I am playing around with the Spark Streaming API, and specifically testing the checkpointing feature. However, I am finding in certain circumstances the checkpoint being returned is not complete.
The following code is being run in local[2]

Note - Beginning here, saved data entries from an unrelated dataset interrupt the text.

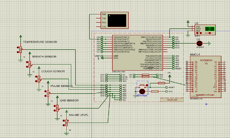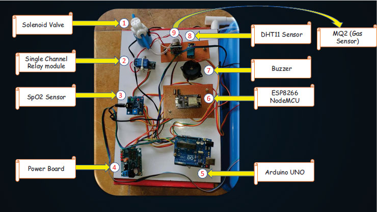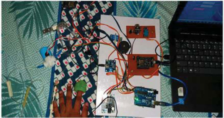 Fig. (2) depicts the Hardware model set for both patients (may it be for COVID patients or general health care) & environment monitoring. The sensors are interfaced with the Arduino which is the microcontroller in the hardware model, where it will be receiving all the inputs from the sensors. The buzzer is kept for alerting in case of any emergencies or any help needed.
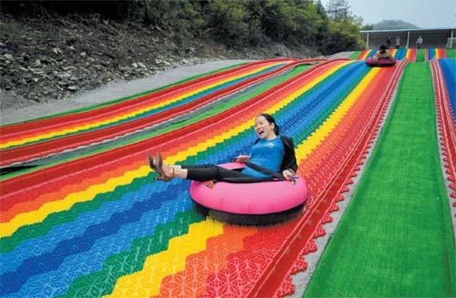 湖北省恩施土家族苗族自治州宣恩縣沙道溝鎮(zhèn)二臺坪村是個三面臨崖的高山鄉(xiāng)村,在實施精準扶貧過程中,于2018年修通了進村水泥路。隨著交通條件的改善,當?shù)卮迕衤?lián)合成立旅游經(jīng)營公司,推進以綠色生態(tài)為底色的“多彩鄉(xiāng)村游”,讓昔日沉寂的鄉(xiāng)村變得多姿多彩。圖為5月13日,游客在湖北省宣恩縣二臺坪村的游樂場體驗滑草樂趣。
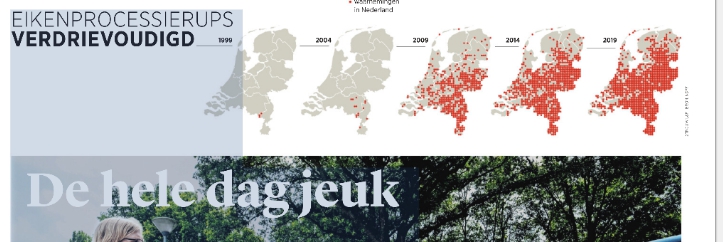 De eikenprocessierups is - net als de teek - aan een stevige opmars bezig. In 2018 werd de rups in Leeuwarden aangetroffen, terwijl men er toen nog grotendeels van uit ging dat het een Belgisch/Limburgs probleem was. Ze kwamen vooral voor in eiken die niet in kluitjes wonen, dus langs fietspaden en op campings, maar intussen blijken ze hun opmars ook in de bossen te maken hetgeen daarmee ook een argument voor wildkamperen ontkracht.
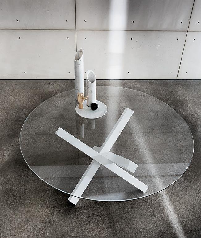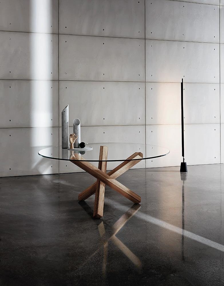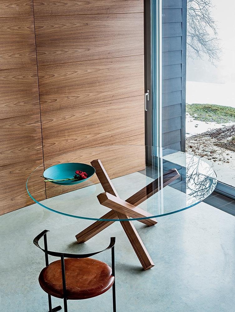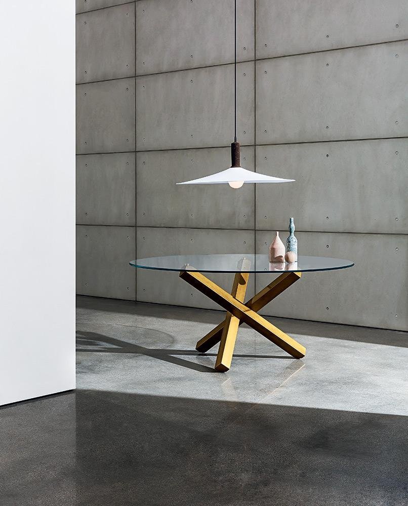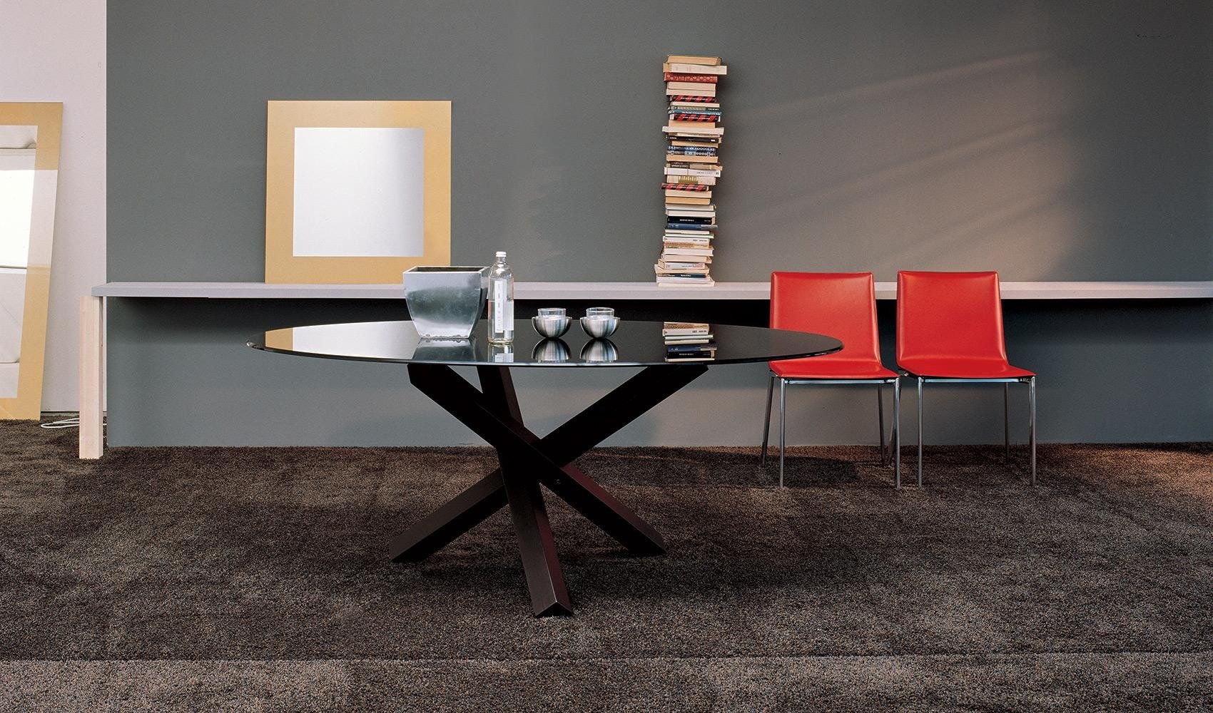 An ultra-modern dining table with a round glass top (12mm thick) and a veneered wood or chromed metal base. The glass table top can be extra clear or lacquered in a variety of colors (see color chart below). Elliptical version also available, see related products below.
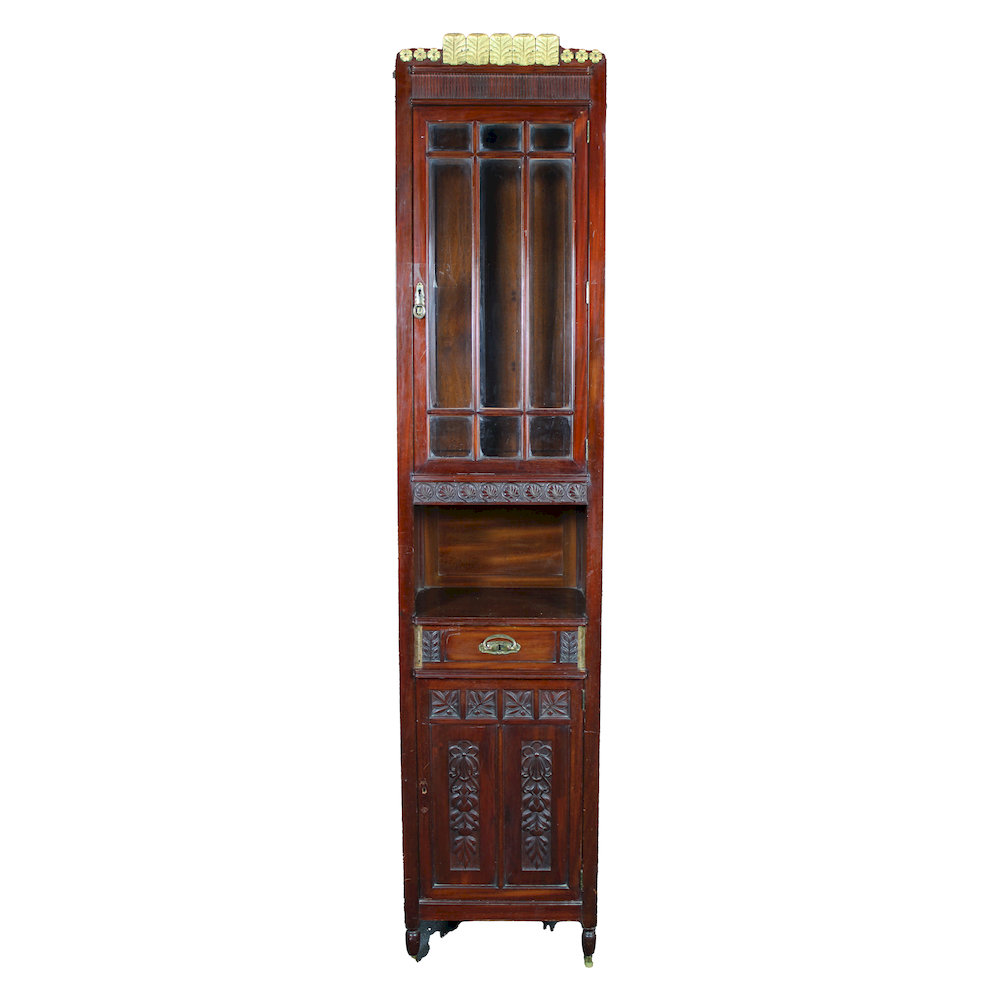 PICCOLA VETRINA AD 1 ANTA in legno di mogano di gusto Art Nouveau con applicazioni in bronzo dorato e vetri molati Francia primi 900 h cm 21 x 45 x 33

mode (though I noticed a similar phenomenon when I run it distributed) against version 2.1.0 (compiled against Scala 2.11):
public static void main (String[] args) throws Exception {
SparkConf spark = new SparkConf();
createAppendablePrintStream().println(ZonedDateTime.now() + " Starting stream");
String checkpoint = "/export/spark/checkpoint"; // NFS mounted directory
JavaStreamingContext jssc = JavaStreamingContext.getOrCreate(checkpoint, () -> {
JavaStreamingContext x = new JavaStreamingContext(spark, Durations.seconds(5));
x.checkpoint(checkpoint);
JavaDStream<String> lines = x.socketTextStream("192.168.8.130", 7777); // IP address of my local VM
JavaPairDStream<String, Integer> stateByType = lines.mapToPair(line -> new Tuple2(line.split(" ")[0], line)).updateStateByKey((Function2<List<String>, Optional<Integer>, Optional<Integer>>) (values, state) -> Optional.of(state.orElse(0) + values.size()));
stateByType.foreachRDD(rdd -> createAppendablePrintStream().println(ZonedDateTime.now() + " Current state: " + rdd.collectAsMap()));
return x;
});
jssc.start();
jssc.awaitTermination();
createAppendablePrintStream().println(ZonedDateTime.now() + " Closing stream");
}
private static PrintStream createAppendablePrintStream() {
try {
return new PrintStream(new FileOutputStream("/tmp/result.txt", true));
} catch (FileNotFoundException e) {
throw new RuntimeException(e);
}
}
When I add a new key to this stream and shut down the driver right away, it does not appear to be restored as part of the checkpoint, as evidenced by the following log excerpt:
2016-12-29T16:53:33.185Z[Europe/London] Current state: {WARN:=2, ERROR:=1}
2016-12-29T16:53:35.086Z[Europe/London] Current state: {WARN:=2, ERROR:=1}
2016-12-29T16:53:40.288Z[Europe/London] Current state: {WARN:=2, ERROR:=1, INFO:=1}
2016-12-29T16:53:43.695Z[Europe/London] Closing stream
2016-12-29T16:53:53.100Z[Europe/London] Starting stream
2016-12-29T16:54:08.154Z[Europe/London] Current state: {WARN:=2, ERROR:=1}
2016-12-29T16:54:13.226Z[Europe/London] Current state: {WARN:=2, ERROR:=1}
2016-12-29T16:54:15.026Z[Europe/London] Current state: {WARN:=2, ERROR:=1}
2016-12-29T16:54:15.768Z[Europe/London] Current state: {WARN:=2, ERROR:=1}
2016-12-29T16:54:17.136Z[Europe/London] Current state: {WARN:=2, ERROR:=1}
2016-12-29T16:54:17.521Z[Europe/London] Current state: {WARN:=2, ERROR:=1}
2016-12-29T16:54:18.795Z[Europe/London] Current state: {WARN:=2, ERROR:=1}
2016-12-29T16:54:19.360Z[Europe/London] Current state: {WARN:=2, ERROR:=1}
2016-12-29T16:54:20.634Z[Europe/London] Current state: {WARN:=2, ERROR:=1}
2016-12-29T16:54:25.052Z[Europe/London] Current state: {WARN:=2, ERROR:=1}
2016-12-29T16:54:30.066Z[Europe/London] Current state: {WARN:=2, ERROR:=1, ALERT:=1}
(Note the ALERT
entry was added post-startup to show that the INFO
entry is never returned.)
However, when I allow the new key to remain part of the state for a second frame, it will be recovered from the checkpoint straight away, as demonstrated by this log excerpt:
2016-12-29T16:54:25.052Z[Europe/London] Current state: {WARN:=2, ERROR:=1}
2016-12-29T16:54:30.066Z[Europe/London] Current state: {WARN:=2, ERROR:=1, ALERT:=1}
2016-12-29T16:54:35.051Z[Europe/London] Current state: {WARN:=2, ERROR:=1, ALERT:=1}
2016-12-29T16:54:38.545Z[Europe/London] Closing stream
2016-12-29T16:54:47.306Z[Europe/London] Starting stream
2016-12-29T16:55:01.982Z[Europe/London] Current state: {WARN:=2, ERROR:=1, ALERT:=1}
Is there an explanation for this kind of incomplete state? Can this be addressed with a configuration change? Or do I need to file a bug report with the Spark folks?